8 entry daha
  • türkiye'nin 1973 sonrasını ancak 12 eylül'le bitirilebilen bir kan banyosu ve toplumsal infial dönemi olarak geçirmesinin arkasındaki esas unsurlardan birisi. chp'sinden msp'sine, bir şekilde düzen değişikliği hedefleyen tüm aktörlerin gözündeki/hedefindeki "bozuk düzen"in ta kendisi.

    ithal ikameci sanayileşme, başlı başına kötü bir şey değildir: sanayi devrimi sıçramasına hazırlanan büyük britanya'da da, asya mucizesi tacını paylaşan güney kore'de de uygulanmış; dozajı ve süresi iyi ayarlandığında gayet başarılı sonuçlar veren bir ilaçtır. türkiye'de 1950'lerin sonlarında "fiilen" yerleşmeye başlamış, 1961'de dpt'nin kurulması ve ülke ekonomisinin plan esasına göre yönetilmesi kararı alındığında yasal bir zemine de kavuşmuştur. 1962-1977 yılları arasında hiç küçülmeden büyüyen bir ekonomi vardır karşımızda. ücretlerin, konuyla ilgili çalışmalarda sıkça söz edilen güney kore-türkiye kıyasında görüldüğü üzere benzer gelişmişlik düzeyindeki ülkelerden fazla olduğu, satın alım gücünün de tüm dalgalanmalara rağmen fena seyretmediği bir dönemdir.

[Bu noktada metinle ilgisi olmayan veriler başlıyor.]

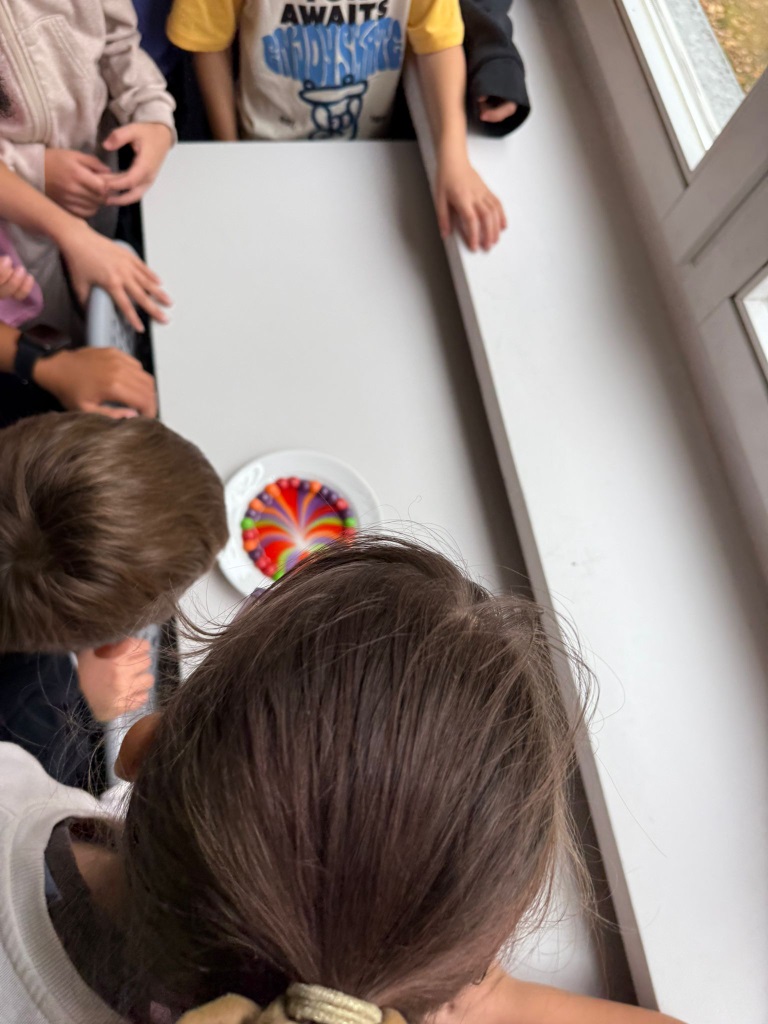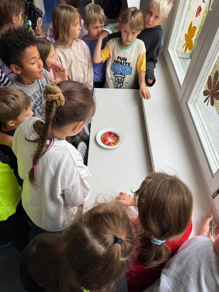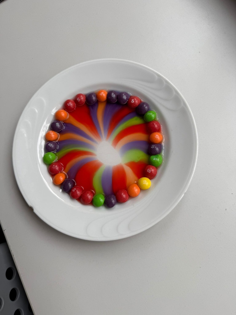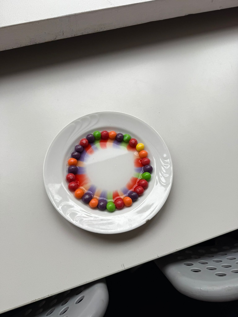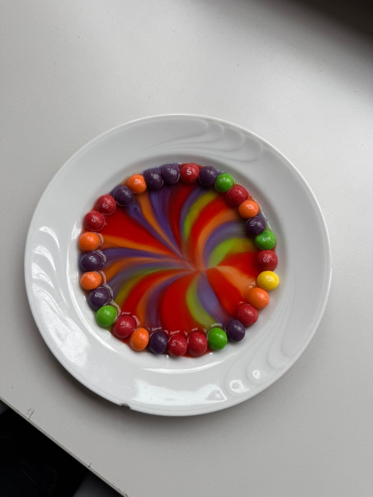 Tęcza na talerzu: ma na celu pokazanie jak barwniki rozpuszczają się po podaniu wody tworząc smugi.

    sorun, bu kadar görkemli biçimde inşa edilen binanın temellerindeki çürüme ve yapı tamamlandıktan sonra gereken bakımların ihmal edilmesindedir. ithal ikameci sanayileşme modelini tamamlayan ülkelerin ekonomilerini zamanla dışa açmaları hem gerekli hem de o güne kadarki örneklerde (örneğin, britanya) tekrarlanmış doğal yoldur. yaşı gelen çocuğu bebek arabasından çıkartıp yürütmeye benzetilebilir.

    1960'ların ortalarından itibaren türkiye'de işler biraz farklı seyreder. dışa kapatılan, sübvansiyon alan ve böylece istediği gibi top koşturabileceği bir pazar bulan sanayiciler, dışa açılmayı bir türlü kabul etmez ve üretim altyapısını bu doğrultuda geliştirmez. dpt'nin deyim yerindeyse piç edilmesi ve zamanla kamu yatırımlarının da azalması üzerine tuz biber eker.

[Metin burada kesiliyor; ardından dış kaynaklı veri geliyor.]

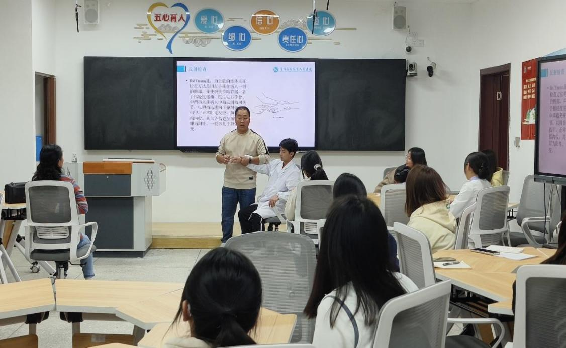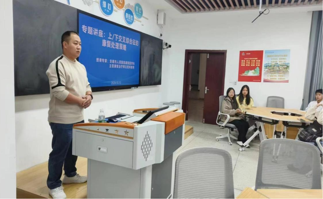 10月10日下午,安顺市刘霖大师工作室、安顺市职业教育医药卫生学科教研组,邀请安顺市人民医院康复医学科主管康复治疗师沈宽鸿老师,以“颈椎病的主动锻炼方法”为题,为我系师生带来一场健康知识讲座。

    70'lere gelindiğinde, ithal ikameci modelde bir fasit döngü başlamıştır: sınai malların üretilmesi için gereken her şey dışarıdan ithal edilmekte ancak ekonomi döviz, yani gelecek ithalatı karşılayacak kaynağı getirecek şekilde ihracat yapmamaktadır. dönemin genelinde türkiye'nin toplam gsyh'sinde ihracatın payı yüzde 2-3 civarında çok komik bir düzeydedir. bu ihracat içinde katma değeri yüksek ürünlerin payı daha da düşüktür. kendi kendine yetmek, bu yüzden başlı başına iyi bir şey değildir; hele ki kendine kendine yetmek için sürekli dışarıdan bir şey almak gerekiyorsa.

    zaten dönmekte zorlanan tekeri kıran çomak, 1973'te tüm dünyayı kapsayan ekonomik durgunlukla gelir. petrol fiyatları artar, işsizlik ve enflasyon hemen her yerde birlikte yükselir ve böylece türkiye'nin kör topal ilerleyen sisteminin sonu gelir. üretimi iç talep nedeniyle sürekli artan ekonomiye dışarıdan döviz ve petrol alınması gerekirken bu dönemdeki kriz iki kalemde de ülke ekonomisine büyük bir yük bindirir. dövizler kesilir (yetmiş cente muhtacız lafının anlamı budur) , tüketimi sürekli artan petrolün fiyatı israil ve arap ülkeleri arasında atılan her top mermisinde biraz daha yukarı çıkar.

    ayaklarını bebek arabasından aşağıya sarkıtması gereken türkiye isimli bebek, 1977'ye gelindiğinde neredeyse erişkinlik çağına gelmesine rağmen sürekli mama ve abur cuburla beslenerek obez olmuş, olduğu yere tuvaletini yapan ve sürekli bağırıp çağıran atarlı bir "şey" olmuştur. fabrikalar petrol ve döviz olmadığı için çalışamaz, ülkenin eskiyen enerji altyapısı da krizden nasibini alır ki o dönemde enerjinin önemli bir bölümü fuel oil ile karşılandığı için yangına benzin dökülmüş olur. chp'nin 1973 ve 1977'teki yükselişinin arkasında, bu düzendeki temel bozukluğu görmüş olmasında (bkz: bu düzen değişmelidir) yatar ama chp bu konuda yalnız değildir. milli görüş de ülkenin avrupa'dan parça ithal edip montaj üretim yapan sanayisine karşı ağır sanayiyi savunan bir çizgi izlemektedir. sol, zaten daha önce olmadığı ve daha sonra olamayacağı kadar radikaldir.

    dünya iktisat tarihinde ülkenin sanayileşmesini sağlayan bir uygulama, türkiye'deki iktidarların, koalisyon kavgalarının ve muhatap olunan bölgenin dengesizliği nedeniyle ülkenin mahvına yol açar. türk ekonomisinin, ekonomi biliminin kurallarının ötesinde mantığın gereğince dışa açılması ancak 1980 sonrasında mümkün olur ancak o dönemde de ithal ikameci yılların ücret yüksekliğinin esamesi yoktur.